The push to remove JPMorgan Chase CEO Jamie Dimon and other financial-sector executives from the Federal Reserve Boards of Governors came inside the walls of the Fed on Monday, as noted economist Simon Johnson presented officials there with a petition and urged them to change the structure of the important boards.

At the twelve regional Federal Reserve banks, there are nine-member boards of directors. Six of the seats are selected by banks from the region—three directors to represent their interests, and then three directors, picked by the banks, that will allegedly represent “the public’s interest.”

Dimon sits on the Federal Reserve Bank of New York and has become a poster boy for activists seeking to keep bankers off the Boards of Governors. The petition that Johnson, a professor at the Massachusetts Institute of Technology, presented to Federal Reserve staffers has nearly 38,000 signatures, and asks that he resign or be removed.

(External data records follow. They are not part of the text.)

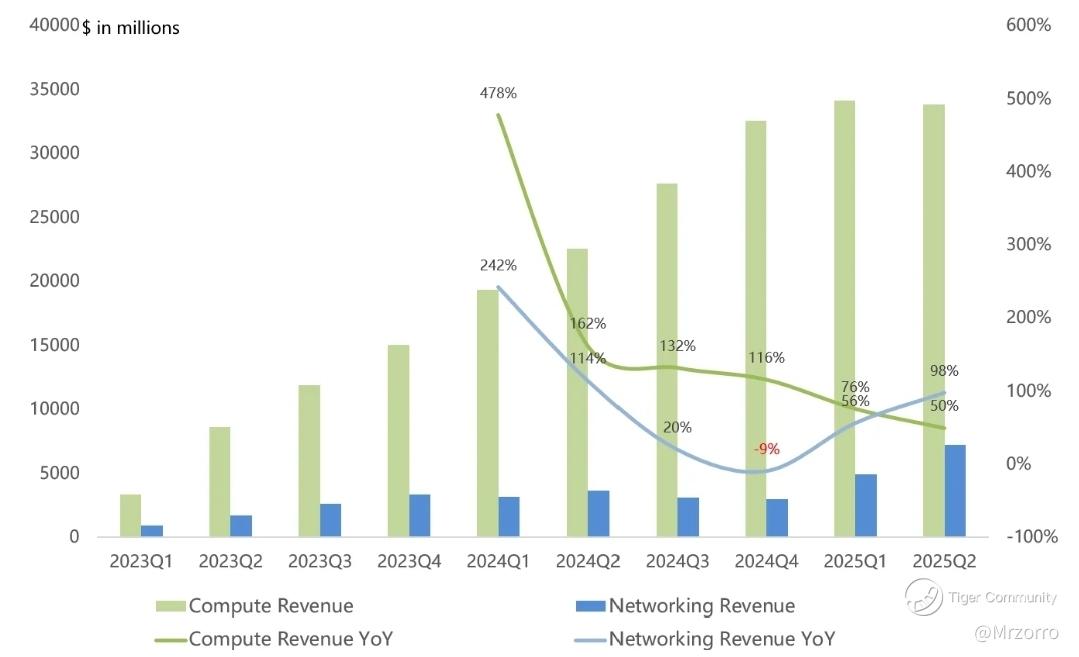 ~AI Compute: $33.8B, +50% YoY, –1% QoQ, mainly reflecting the H20 halt and the Hopper→Blackwell transition; Blackwell products rose +17% QoQ in Q2.
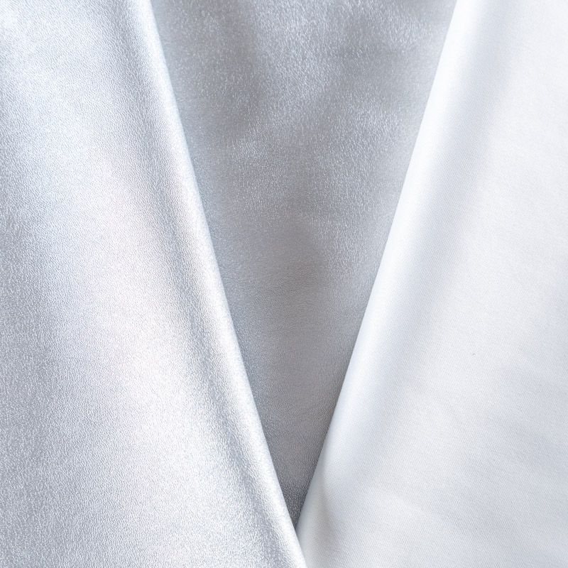 Искусственный материал, имитирующий натуральную кожу, на светлой трикотажной основе. Экокожа тоньше натуральной, не мнется, пластична, хорошо тянется за счет эластана в составе, облегает фигуру. Подойдет для пошива куртки, костюма, платья, юбки, брюк, шорт, комбинезона, сумки, рюкзака.
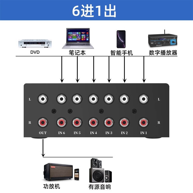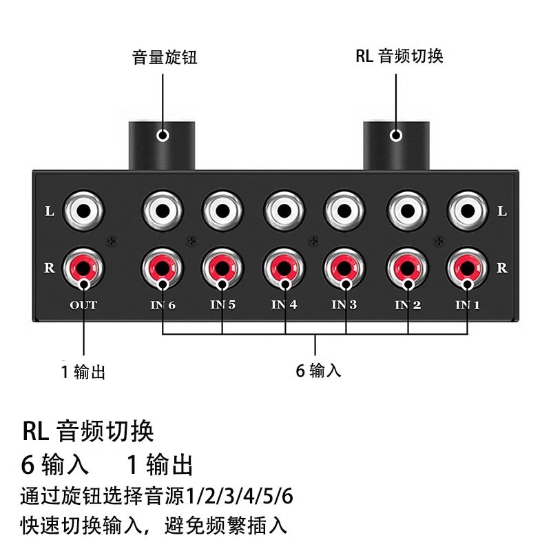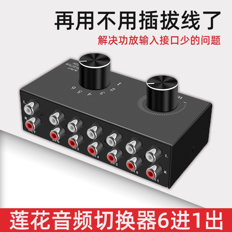 RCA 레드/화이트 로터스 헤드 오디오 스위처 6입력 1출력 무손실 고음질 스테레오 컨버터 멀티 인터페이스스토어 가기
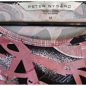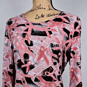 Peter Nygard Long Sleeve Breast Cancer Awareness Ribbon Print Silky Top Womens M
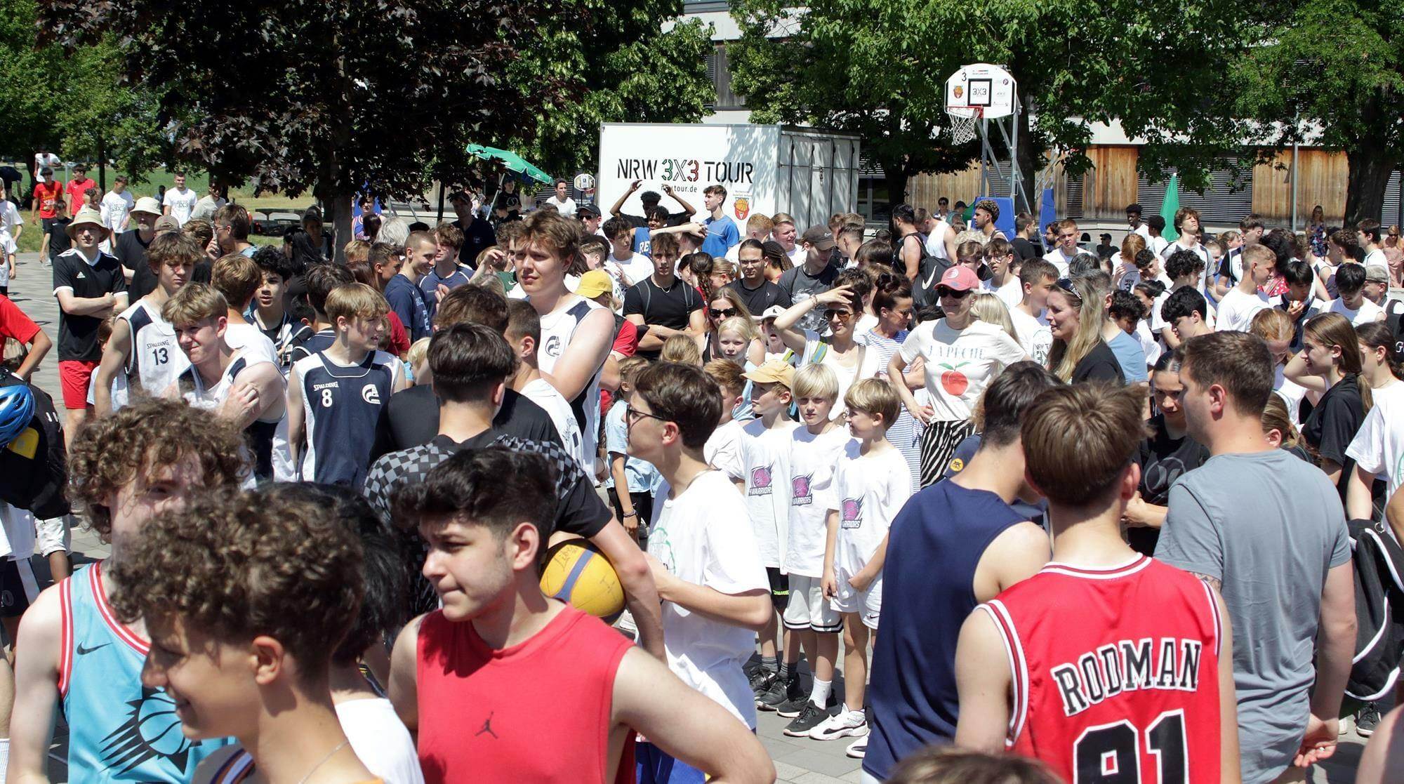 Nach dem Megaevent an Fronleichnam nahmen am Freitag, dem 09.06.2023 weitere 130 Teams bei der NRW3x3@school Veranstaltung teil, die von 30 Schulen aus ganz NRW gestellt wurden. Als Courtwatcher*innen halfen Sporthelfer*innen der Duisburger Schulen, insbesondere Sporthelfer*innen des Albert-Einstein Gymnasiums Duisburg. Damit haben an 2 Tagen 290 Teams = rund 1200 Spieler*innen an den 3×3 Wettbewerben im Rahmen der Ruhr Games teilgenommen!

The essential conflict of interest is that the Federal Reserve is charged with maintaining the safety and soundness of Wall Street banks, and executives at those institutions often resist such changes in the name of riskier gambles and bigger profits. Moreover, in recent years the Fed has handed out over $4 trillion in zero-interest loans to many of those banks. (JPMorgan Chase received $390 billion in emergency funds during the bailouts, and $29 billion to buy Bear Stearns).

“Frankly, I think Jamie Dimon should have resigned in the spring of 2008 when JPMorgan Chase acquired Bear Stearns with financing provided in part by the Federal Reserve,” Johnson said on a conference call shortly after his meeting. “I think to any outsider, anyone with knowledge of how corporate governance operates in general in the United States, or best practices around the world, this looks like a related-party transaction, and typically you would step down from the board of directors when something like this was in the works.

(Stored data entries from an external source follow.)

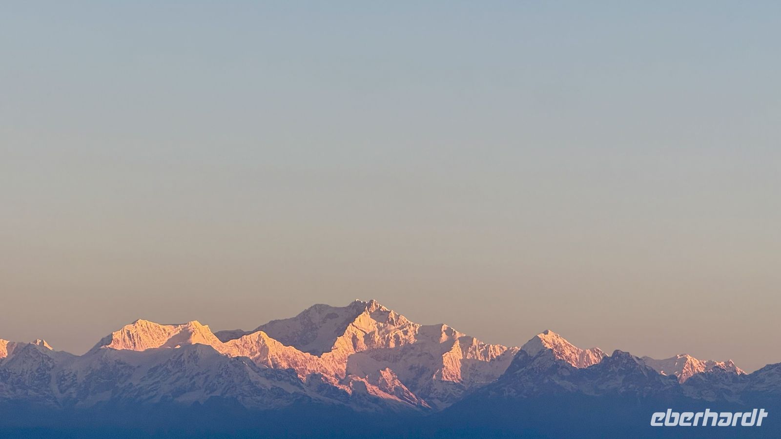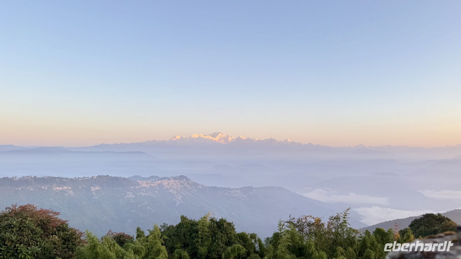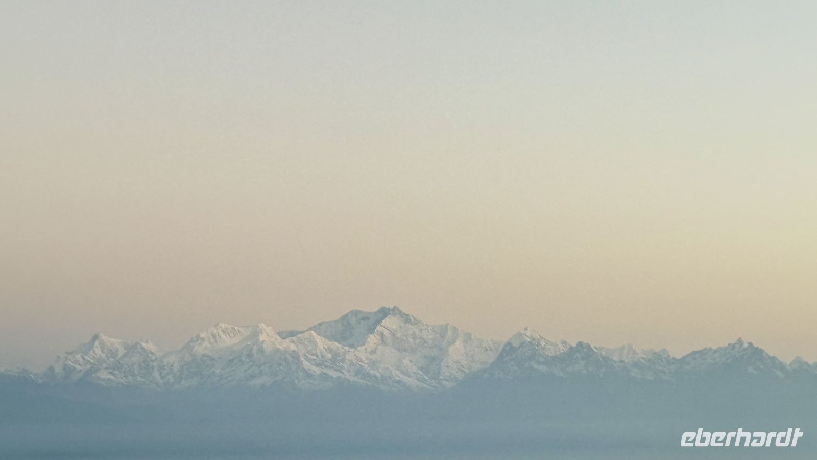 Besonders faszinierte uns der Kangchenjunga, mit etwa 8.586 Metern der dritthöchste Berg der Erde nach dem Mount Everest und dem K2. Er liegt an der Grenze zwischen Nepal und dem indischen Bundesstaat Sikkim und ist für viele Menschen der Region ein heiliger Berg. Der Name „Kangchenjunga“ bedeutet in der tibetischen Sprache „Die fünf Schätze des großen Schnees“, was sich auf seine fünf markanten Gipfel bezieht. Aus der Ferne betrachtet soll seine Form einem schlafenden Menschen ähneln – und tatsächlich konnte man diese Konturen mit etwas Fantasie gut erkennen.
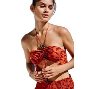 By Anthropologie Beaded Skirt Set Orange Rust Tropical Print NWT
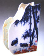 万济宁 江西南昌人,艺名云山陶人,1957年出生,1981年毕业于江西省陶瓷职工大学首届美术系,系中国工艺美术学会、江西省工艺美术学会会员。 他自幼随父学画,后从师于陆如、熊汉中等名师,作品装饰运用国画工笔、写意融为一体手法,对高温色釉、青花、青花釉里红、综合装饰在陶瓷上的运用有一定的造诣,曾多次获中国-景德镇国际陶瓷节精品奖,作品被《世界美术集》、《世界美术家集》、《景德镇陶瓷全集》等收录,还被多家博物馆、多名收藏家收藏。
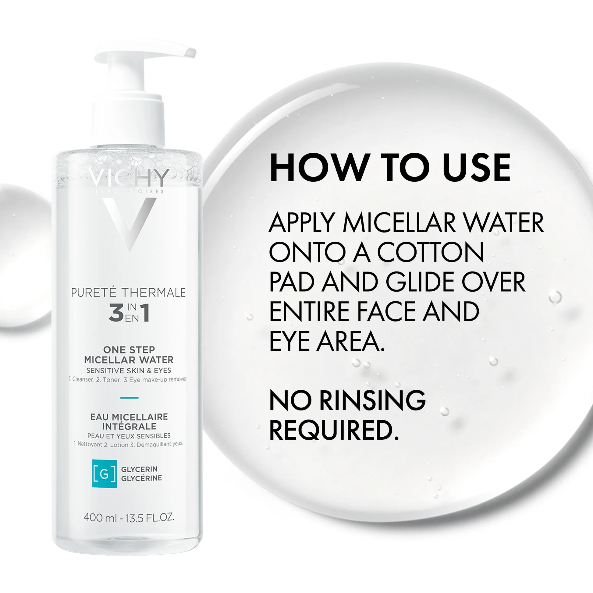 One step on the way to perfectly cleansed and soothed skin is enough. Vichy Pureté Thermale micellar liquid for sensitive skin effectively removes makeup, excess sebum and any impurities from the face.
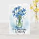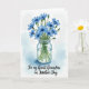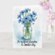 This card features a bouquet of rich blue, star-shaped flowers rising from a clear glass jar, arranged like a thoughtful gift shared between close friends ❤️. Slender green stems show through the water, and faint reflections on the glass add a gentle, intimate touch. A soft wash of pale blue surrounds the flowers, as if the scene is being held in a quiet, caring moment. Several blooms are fully open with darker centers, while a few buds stay curled, hinting at something slowly unfolding. The background stays bright white, making the blues and greens stand out without distraction. A short line of text sits below the jar in a flowing, dark gray style, centered and easy to notice 🌼. The pale blue framing brushstrokes remain light and airy around the edges of the bouquet.
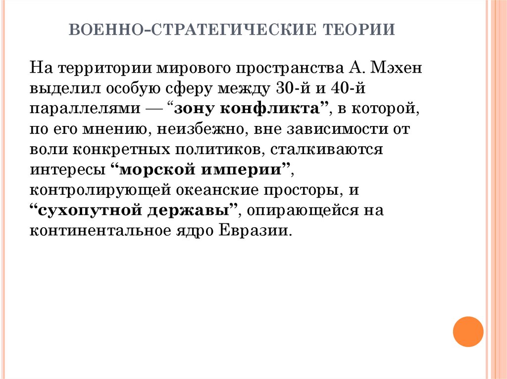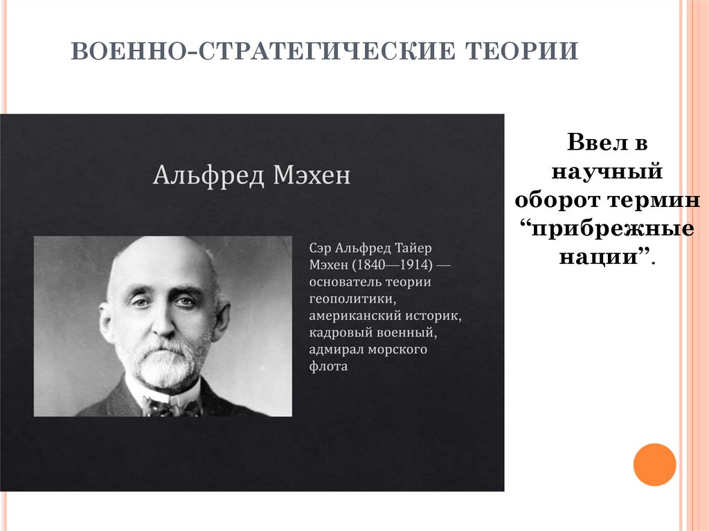 ВОЕННО-СТРАТЕГИЧЕСКИЕ ТЕОРИИНа территории мирового пространства А. Мэхен

“It is surprising and very uncomfortable to many people, including many people who are close to the Federal Reserve system, that Jamie Dimon has continued in this position.”

But while Johnson was happy that Federal Reserve staffers, including General Counsel Scott Alvarez, met with him, he wasn’t necessarily encouraged by the discussion.

“I have not felt optimistic about either Jamie Dimon resigning or the Federal Reserve, both at the New York level or the Board of Governors level—changing its policies in a substantial way, in a way that would help to restore confidence in the integrity of the system,” Johnson said. “I’ve not felt that optimistic for quite some time, and there’s nothing that happened today, unfortunately, that changed my lack of optimism.”